### PROBLEM STATEMENT
Whenever an image turns up, omit it and return the remaining data exactly.

··· DATA SHOWN

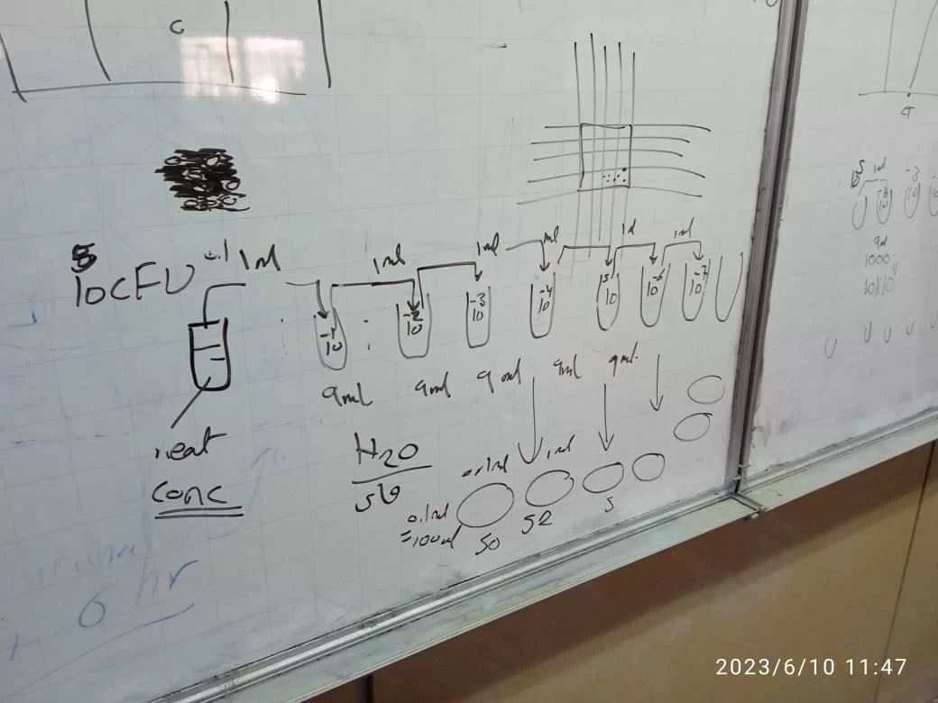 اما الجزء الثاني من العملي فقد شمل على أهمية و طرق عد البكتريا numeration of bacteria حيت تعلم الطلبة كيفية اجراء تخفيف البكتريا serial dilution استعماله في عد البكتريا بطريقتين
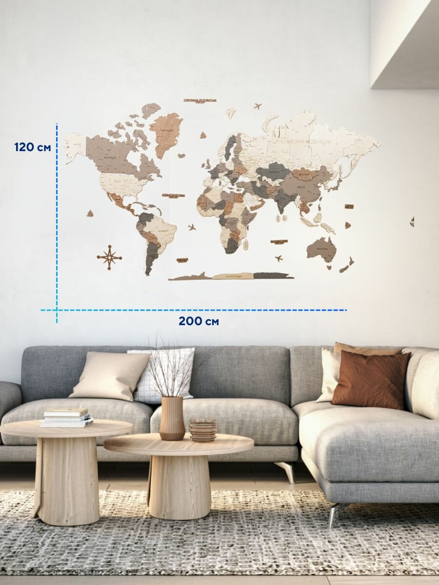 Карта мира настенная размером 200х120 см изготовлена из дерева высшего сорта, а названия стран, городов, океанов и морей, нанесены с помощью лазерной гравировки. В наличии представлено разнообразное сочетание цветов, поэтому можно выбрать наиболее подходящее для вашего интерьера. А в качестве украшения карты вам помогут наши подарки - известные деревянные достопримечательности и красные геометки! С помощью них вы сможете прикреплять фотографии из путешествий, чтобы запечатлеть приятные моменты жизни! Деревянную карту легко и увлекательно собирать всей семьей, так как карта выполнена в виде пазла и крепится на стену с помощью двухстороннего акрилового скотча, который мы советуем отделять аккуратно, с помощью канцелярского ножа или пинцета. Изделие упаковано в надежную крафтовую коробку, поэтому все содержимое придет целым и невредимым. В комплект также входит подробная инструкция, деревянные кораблики и самолеты, компас, острова и названия океанов. Карта послужит Вам в качестве украшения Вашего интерьера, придаст уют и тепло родному дому. Декоративное изделие будет хорошо смотреться везде: в гостиной, в прихожей, на кухне, столовой, спальне и даже в детской! С помощью интерактивной, физической карты мира Вы можете изучать географию со своими детьми, укрепляя их образование и дома! Для развития школьников чтение карты также обеспечит запоминание стран и городов России. Необязательно иметь книги, глобусы, атлас или политическую карту под рукой, чтобы вспомнить название или местоположение какой-либо страны. Эта большая 3D карта мира будет прекрасным оформлением и декором для Вашего дома! Будь то ваш дом, офис или кафе, она станет настоящим акцентом в любом интерьере и притягательным объектом для гостей. Достаточно будет, сидя в уютном кресле за чашкой чая, обратить внимание на большую географическую карту мира, увлечься ею и провести время с пользой. Географический пазл можно подарить маме, папе, другу, коллеге, любимой, любимому, мужу, жене, для ребенка, школьника, подростка и всем остальным. А также подойдет и на такие праздники, как день рождения, новый год, юбилей, 23 февраля, 8 марта, выпускной, ведь карта пазл имеет универсальную подарочную упаковку. Наша Земля разнообразна и состоит из огромного множества стран, государств и республик, поэтому вся красота ее с географической стороны отображена в нашей карте мира! Выбирайте интерьерное украшение в любой расцветке на свой вкус, нажимая на бренд, в нашем магазине WoodenCountry. Приятных покупок!
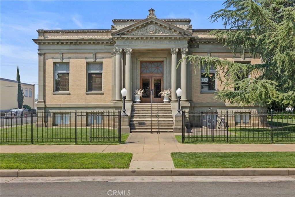 Discover an architectural gem nestled in the heart of Red Bluff: The Kraft Memorial Free Library building. This meticulously preserved building is not just a stunning wedding and event center, it's a symbol of the city’s commitment to history and community, cataloged on the National Register of Historic Places. Constructed in the resplendent Classic Revival Style in 1909, it showcases the timeless grace and elegant characteristics of the period. The grandeur of its design is highlighted by exquisite oak woodwork, an enormous stained-glass piece in the rotunda, and majestic fireplaces that whisper stories of the past. Visitors are greeted by an impressive grand staircase that sets the tone for the extraordinary design throughout. Gorgeous pillars and sophisticated crown molding showcase meticulous craftsmanship. The space is adorned with resplendent windows that allow natural light to flood in. The warmth of Douglas Fir flooring and the intricately carved stone details stand as a testament to the exceptional artistry of renowned architect Franklin Pierce Burnham, who envisioned this remarkable project from inception. The building is enveloped by historic gardens that feature a rich variety of flora. Centuries-old cedars, olive trees, and Douglas Firs create a natural canopy, providing an incredible, serene setting for photo shoots, receptions, and community gatherings. Rock paths meander through the under-plantings of Japanese Maples, hydrangeas, evergreens, and perennials, ensuring that visitors can appreciate vibrant seasonal changes. The Kraft Memorial Free Library stands as a cornerstone of the Victorian district, embodying a legacy of educational and cultural significance for Red Bluff. For those seeking not just a property but an opportunity to own a piece of history, this building represents a unique investment in the past, perfectly poised for a future filled with potential. The possibilities are as boundless as the storied history it encompasses. Don’t miss the chance to become a steward of this remarkable architectural treasure.

······

### RESPONSE BELOW
 اما الجزء الثاني من العملي فقد شمل على أهمية و طرق عد البكتريا numeration of bacteria حيت تعلم الطلبة كيفية اجراء تخفيف البكتريا serial dilution استعماله في عد البكتريا بطريقتين
 Карта мира настенная размером 200х120 см изготовлена из дерева высшего сорта, а названия стран, городов, океанов и морей, нанесены с помощью лазерной гравировки. В наличии представлено разнообразное сочетание цветов, поэтому можно выбрать наиболее подходящее для вашего интерьера. А в качестве украшения карты вам помогут наши подарки - известные деревянные достопримечательности и красные геометки! С помощью них вы сможете прикреплять фотографии из путешествий, чтобы запечатлеть приятные моменты жизни! Деревянную карту легко и увлекательно собирать всей семьей, так как карта выполнена в виде пазла и крепится на стену с помощью двухстороннего акрилового скотча, который мы советуем отделять аккуратно, с помощью канцелярского ножа или пинцета. Изделие упаковано в надежную крафтовую коробку, поэтому все содержимое придет целым и невредимым. В комплект также входит подробная инструкция, деревянные кораблики и самолеты, компас, острова и названия океанов. Карта послужит Вам в качестве украшения Вашего интерьера, придаст уют и тепло родному дому. Декоративное изделие будет хорошо смотреться везде: в гостиной, в прихожей, на кухне, столовой, спальне и даже в детской! С помощью интерактивной, физической карты мира Вы можете изучать географию со своими детьми, укрепляя их образование и дома! Для развития школьников чтение карты также обеспечит запоминание стран и городов России. Необязательно иметь книги, глобусы, атлас или политическую карту под рукой, чтобы вспомнить название или местоположение какой-либо страны. Эта большая 3D карта мира будет прекрасным оформлением и декором для Вашего дома! Будь то ваш дом, офис или кафе, она станет настоящим акцентом в любом интерьере и притягательным объектом для гостей. Достаточно будет, сидя в уютном кресле за чашкой чая, обратить внимание на большую географическую карту мира, увлечься ею и провести время с пользой. Географический пазл можно подарить маме, папе, другу, коллеге, любимой, любимому, мужу, жене, для ребенка, школьника, подростка и всем остальным. А также подойдет и на такие праздники, как день рождения, новый год, юбилей, 23 февраля, 8 марта, выпускной, ведь карта пазл имеет универсальную подарочную упаковку. Наша Земля разнообразна и состоит из огромного множества стран, государств и республик, поэтому вся красота ее с географической стороны отображена в нашей карте мира! Выбирайте интерьерное украшение в любой расцветке на свой вкус, нажимая на бренд, в нашем магазине WoodenCountry. Приятных покупок!
 Discover an architectural gem nestled in the heart of Red Bluff: The Kraft Memorial Free Library building. This meticulously preserved building is not just a stunning wedding and event center, it's a symbol of the city’s commitment to history and community, cataloged on the National Register of Historic Places. Constructed in the resplendent Classic Revival Style in 1909, it showcases the timeless grace and elegant characteristics of the period. The grandeur of its design is highlighted by exquisite oak woodwork, an enormous stained-glass piece in the rotunda, and majestic fireplaces that whisper stories of the past. Visitors are greeted by an impressive grand staircase that sets the tone for the extraordinary design throughout. Gorgeous pillars and sophisticated crown molding showcase meticulous craftsmanship. The space is adorned with resplendent windows that allow natural light to flood in. The warmth of Douglas Fir flooring and the intricately carved stone details stand as a testament to the exceptional artistry of renowned architect Franklin Pierce Burnham, who envisioned this remarkable project from inception. The building is enveloped by historic gardens that feature a rich variety of flora. Centuries-old cedars, olive trees, and Douglas Firs create a natural canopy, providing an incredible, serene setting for photo shoots, receptions, and community gatherings. Rock paths meander through the under-plantings of Japanese Maples, hydrangeas, evergreens, and perennials, ensuring that visitors can appreciate vibrant seasonal changes. The Kraft Memorial Free Library stands as a cornerstone of the Victorian district, embodying a legacy of educational and cultural significance for Red Bluff. For those seeking not just a property but an opportunity to own a piece of history, this building represents a unique investment in the past, perfectly poised for a future filled with potential. The possibilities are as boundless as the storied history it encompasses. Don’t miss the chance to become a steward of this remarkable architectural treasure.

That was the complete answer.